Work required:
Leave out all images and set down the records exactly as given.

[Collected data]
^^^^^^^^
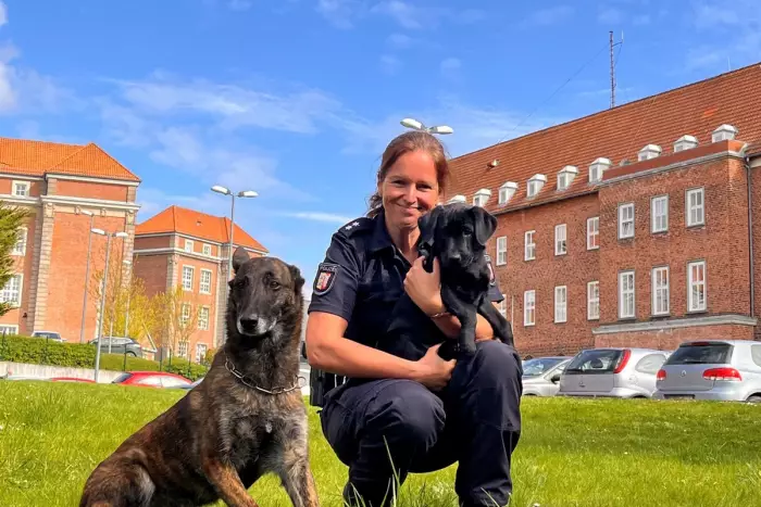 Seit einer Woche wird die Labrador-Hündin von ihrer speziell geschulten Diensthundeführerin Stephanie Pälicke betreut. Naira wird bereits im Welpenalter spielerisch trainiert und soll in etwa einem Jahr die Prüfung als Brandmittelspürhund bestehen. Stephanie, ihr Frauchen, gehört zur Organisationseinheit Brand, die dem Kommissariat 11 der Bezirkskriminalinspektion Kiel angehört. Nach Abschluss der Ausbildung wird Hündin Naira die neunjährige Schäferhündin Raja ablösen, die dann ihren Ruhestand im Haus ihrer Diensthundeführerin Stephanie genießen darf.
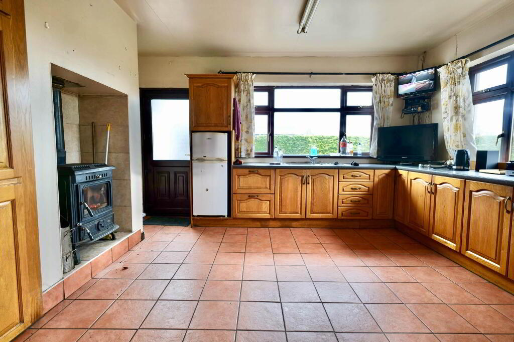 Kitchen - 13'2" (4.01m) x 14'8" (4.47m) Tiled floor, fitted kitchen and solid fuel stove with back boiler
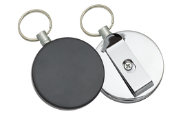 Barbaric Retractor with Clip Black ABS / Mirror Steel, 100cm (16248) - compact EDC accessory with a 100cm drop-down length cord, durable ABS housing. Ideal for organizing your equipment in the field and on a daily basis.
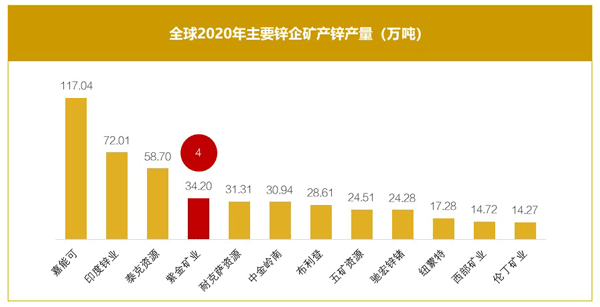 开云体育(中国)官方网站-开云 SPORTS锌资源总量超过1000万吨,位居全球主要上市锌企第6位;2020年公司矿产锌34万吨、位居全球第4位;2021年前三季度,公司矿产锌29万吨、同比增长17%,冶炼产锌23万吨、同比增长49%。目前,锌板块规模约占公司总资产的9%、总营收的4.5%。
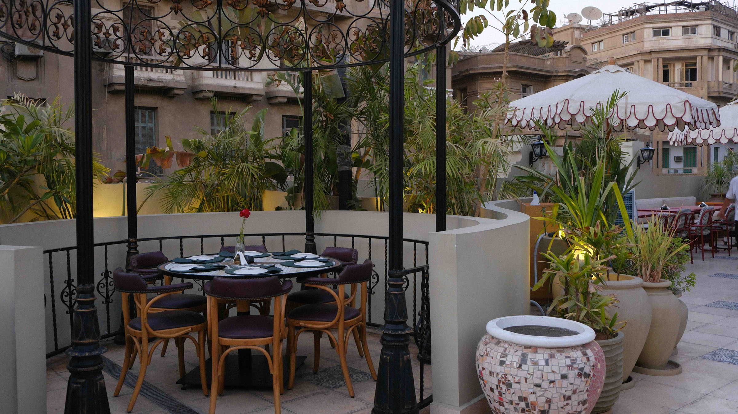 Along Hoda Shaarawy Street, antiques dealers sit in dim shops crammed with lamps, cabinetry, pottery and ornate cornices. Interspersed with them are shisha bars and a tiny mosque painted a celestial green-blue. Two blocks to the south, in the circa-1896 Viennoise building, the local cool kids now convene at Mazeej Balad, a five-room hotel with art-filled interiors and a rooftop bar-restaurant that buzzes day and night. Mazeej Balad, which opened last winter, brings Cairo both a sleek-looking boutique hostelry and excellent modern Egyptian food – two areas in which the city, despite all its momentum, remains in lamentably short supply. That its operators – Ahmed Ganzoury and Kareem Nabil, the founders of events company G’nK Group – chose to open Downtown, rather than in Zamalek, is telling.
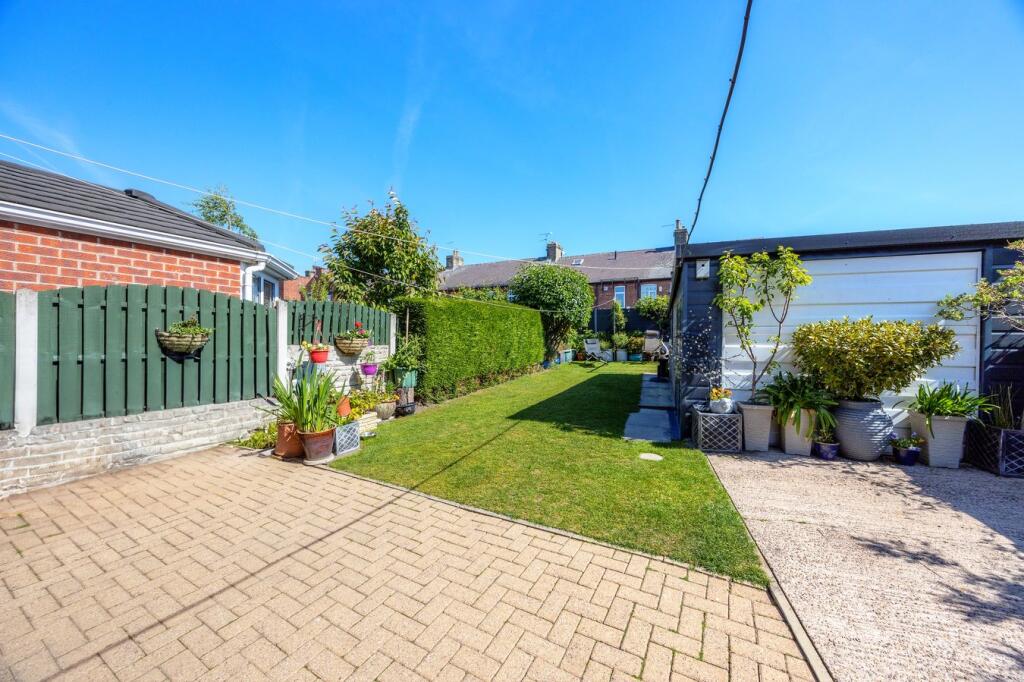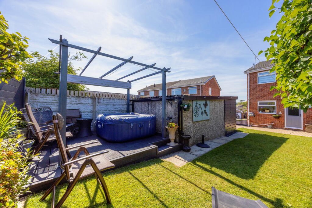 The property includes a garden, which appears to be of a good size and well-landscaped. It includes a patio area and a hot tub, adding to its appeal. The presence of a garage is also a positive feature.
^^^^^^^^
Answer to the problem:
 Seit einer Woche wird die Labrador-Hündin von ihrer speziell geschulten Diensthundeführerin Stephanie Pälicke betreut. Naira wird bereits im Welpenalter spielerisch trainiert und soll in etwa einem Jahr die Prüfung als Brandmittelspürhund bestehen. Stephanie, ihr Frauchen, gehört zur Organisationseinheit Brand, die dem Kommissariat 11 der Bezirkskriminalinspektion Kiel angehört. Nach Abschluss der Ausbildung wird Hündin Naira die neunjährige Schäferhündin Raja ablösen, die dann ihren Ruhestand im Haus ihrer Diensthundeführerin Stephanie genießen darf.
 Kitchen - 13'2" (4.01m) x 14'8" (4.47m) Tiled floor, fitted kitchen and solid fuel stove with back boiler
 Barbaric Retractor with Clip Black ABS / Mirror Steel, 100cm (16248) - compact EDC accessory with a 100cm drop-down length cord, durable ABS housing. Ideal for organizing your equipment in the field and on a daily basis.
 开云体育(中国)官方网站-开云 SPORTS锌资源总量超过1000万吨,位居全球主要上市锌企第6位;2020年公司矿产锌34万吨、位居全球第4位;2021年前三季度,公司矿产锌29万吨、同比增长17%,冶炼产锌23万吨、同比增长49%。目前,锌板块规模约占公司总资产的9%、总营收的4.5%。
 Along Hoda Shaarawy Street, antiques dealers sit in dim shops crammed with lamps, cabinetry, pottery and ornate cornices. Interspersed with them are shisha bars and a tiny mosque painted a celestial green-blue. Two blocks to the south, in the circa-1896 Viennoise building, the local cool kids now convene at Mazeej Balad, a five-room hotel with art-filled interiors and a rooftop bar-restaurant that buzzes day and night. Mazeej Balad, which opened last winter, brings Cairo both a sleek-looking boutique hostelry and excellent modern Egyptian food – two areas in which the city, despite all its momentum, remains in lamentably short supply. That its operators – Ahmed Ganzoury and Kareem Nabil, the founders of events company G’nK Group – chose to open Downtown, rather than in Zamalek, is telling.
 The property includes a garden, which appears to be of a good size and well-landscaped. It includes a patio area and a hot tub, adding to its appeal. The presence of a garage is also a positive feature.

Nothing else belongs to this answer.